In our fiducial selection of particles, we include all the particles that are bound and unbound to the main halo (i.e. FOF group), as determined by the FoF algorithm. This selection includes all the particles in the central galaxy and in the diffuse unbound component, as well as those locked in the satellite galaxies within the halo.

3 PROJECTED DISTRIBUTIONS OF DM, STARS, AND GCS

We present the projected distributions of DM, stars, and GCs in our sample of haloes, and we explore correlations between the observational tracers (i.e. stars and GCs) and the matter component (i.e. DM). We produce mock images of our tracers to mimic observational biases and provide a method that can be used directly on observational data.

3.1 Converting physical into observational quantities

To mimic observational selection criteria, we calculate the luminosity emitted by stars and stellar clusters in different filters. To do so, we assume that our stars and clusters correspond to single stellar populations and we use the stellar and cluster ages, metallicities, and masses together with the Flexible Stellar Population Synthesis (FSPS) model (Conroy, Gunn & White 2009; Conroy, White & Gunn 2010; Conroy & Gunn 2010a, b) to calculate the absolute magnitudes. We further use the MILES spectral library (Sánchez-Blázquez et al. 2006), as well as Padova isochrones (Girardi et al. 2000; Marigo & Girardi 2007; Marigo et al. 2008), a Chabrier (2003) initial stellar mass function, and the default FSPS parameters.

Since stellar populations in the galactic outskirts are more prominent in redder bands, we calculate the stellar luminosities in the SDSS r-band. In the case of the stellar clusters, we calculate their absolute magnitudes in the F336W, F475W, and F814W bands of the Hubble Space Telescope (HST) ACS filter system. We use these HST bands as they have been widely used to explore extragalactic GC populations in different galactic environments (e.g. Alamo-Martínez et al. 2013; Harris et al. 2014; Harris 2016; Alamo-Martínez & Blakeslee 2017). These HST bands roughly correspond to the u, g, and i + z filters, respectively, in the SDSS band system. All of these magnitudes are calculated in the AB system.

3.2 Producing the projected maps

We produce mock images of our tracers by doing projections of their halo.

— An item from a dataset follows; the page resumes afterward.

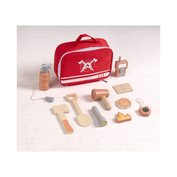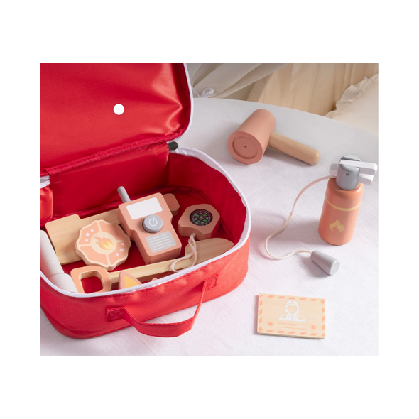 Вдъхновете смели спасителни мисии с дървения комплект „Малкият пожарникар“.В практичното куфарче ще откриете пожарогасител, мегафон, брадва и лопатка – всичко необходимо за вълнуващи ролеви игри. С този комплект децата не само ще се забавляват, но и ще развиват въображение, социални умения и креативност, докато влизат в ролята на истински герои.

These simulated projected maps do not contain foreground nor background stars or galaxies, as would be the case in real observations.

First, we create the maps that represent the true matter distribution within each halo. We restrict our analysis to the DM distribution, as it represents ∼84 per cent of the matter in the Universe (Planck Collaboration 2020). We create these maps by selecting the DM particles in the host halo, and using the pynbody.plot.image.² routine to produce the projected surface density images. This routine uses a k-dimensional tree to interpolate and smooth the projected densities.

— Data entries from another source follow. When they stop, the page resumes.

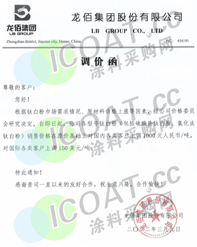 近日,国内钛白粉龙头企业龙佰集团公告,自即日起各型号钛白粉(包括硫酸法钛白粉、氯化法钛白粉)销售价格在原价基础上对国内各类客户上调1000元人民币/吨,对国际各类客户上调150美元/吨。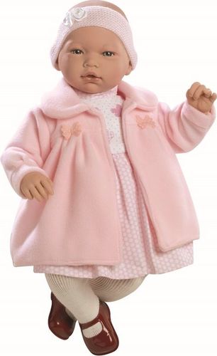 Lalka bobas Nadia w różowym płaszczyku to hiszpańska lalka 46 cm dla dzieci powyżej 3 roku życia.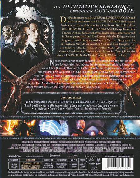 Enthält: Audiokommentare; Featurette Frankenstein's Creatures; Featurette Creating a Monster; Interviews; Comic-Con; Motion-Comic I, Frankenstein: Genesis;

Next, we create the maps corresponding to the observational tracers. We start by producing the stellar surface brightness maps. We do so by converting the absolute magnitudes in the SDSS r–band to luminosities using a solar absolute magnitude of |${\rm M}_{\odot }^{r-{\rm band}} = 4.65$| (Willmer 2018). We then use the pynbody.plot.image routine to produce projected luminosity maps, which we convert to surface brightness maps by accounting for the angular area of a pixel in the image. Lastly, we keep all the pixels with surface brightness brighter than |$\mu _{r-{\rm band}} \lt 28~\rm mag\, arcsec^{-2}$| to mimic observational constraints. We explore the effect of the surface brightness limit in Section 4.3.

Finally, we create the number density maps of GC populations. To facilitate direct comparisons with observations, we select the GCs using observational constraints. First, we select objects more metal-rich than |$\mbox{$[{\rm Fe}/{\rm H}]$}\gt -3$|⁠.³ Then, we apply an absolute magnitude cut in the F475W band to select objects brighter than the peak of the GC mass function (M ∼ 10⁵ M_⊙). We use a magnitude cut of M_F475W < −6.2, which corresponds to an |$8~\mbox{${\rm Gyr}$}$| old stellar cluster of solar metallicity (for a solar absolute magnitude of |${\rm M}_{\odot }^{475W} = 5.09$|⁠; Willmer 2018).⁴ The resulting cluster sample also includes lower mass clusters than the peak of the mass function due to the metallicity dependence of the mass-to-light ratio. We examine the effect of the absolute magnitude cut in Section 4.4.

Lastly, we also apply cuts to our cluster sample in colour combinations with a UV filter (F336W). As previous studies have shown, the lack of a description for the cold gas phase of the interstellar medium in the eagle galaxy formation model implies that the low-mass, young, and metal-rich stellar clusters disrupt too slowly in the E-MOSAICS simulations (see appendix D of Kruijssen et al. 2019a). Thus, the selection in magnitude and colour space allows us to efficiently detect the contaminant objects and remove them from our samples. Identifying GCs in colour space leads to samples with more complex demographics than if simple age and metallicity cuts were applied (e.g. Brito-Silva et al. 2021). We illustrate the procedure in Fig. 1. First, we calculate the colours F336W − F475W and F475W − F814W. Then, we motivate the colour cuts by examining the ranges spanned by those clusters older than |$\gt 8~\mbox{${\rm Gyr}$}$|⁠. Using 10 bins in the F475W − F814W colour, we fit linear regressions to the F336W − F475W colours within each bin, and we calculate the standard deviation around the fits (see small inset in the top panel of Fig. 1). We then keep those clusters whose F336W − F475W colour lies within |$2\, \sigma$| from the linear fit in their bin. We have verified that these selection criteria lead to realistic cluster populations in all the haloes in our sample. Finally, we assume that GCs are point sources and create the projected number density maps of GC populations using the numpy.histogram2d routine.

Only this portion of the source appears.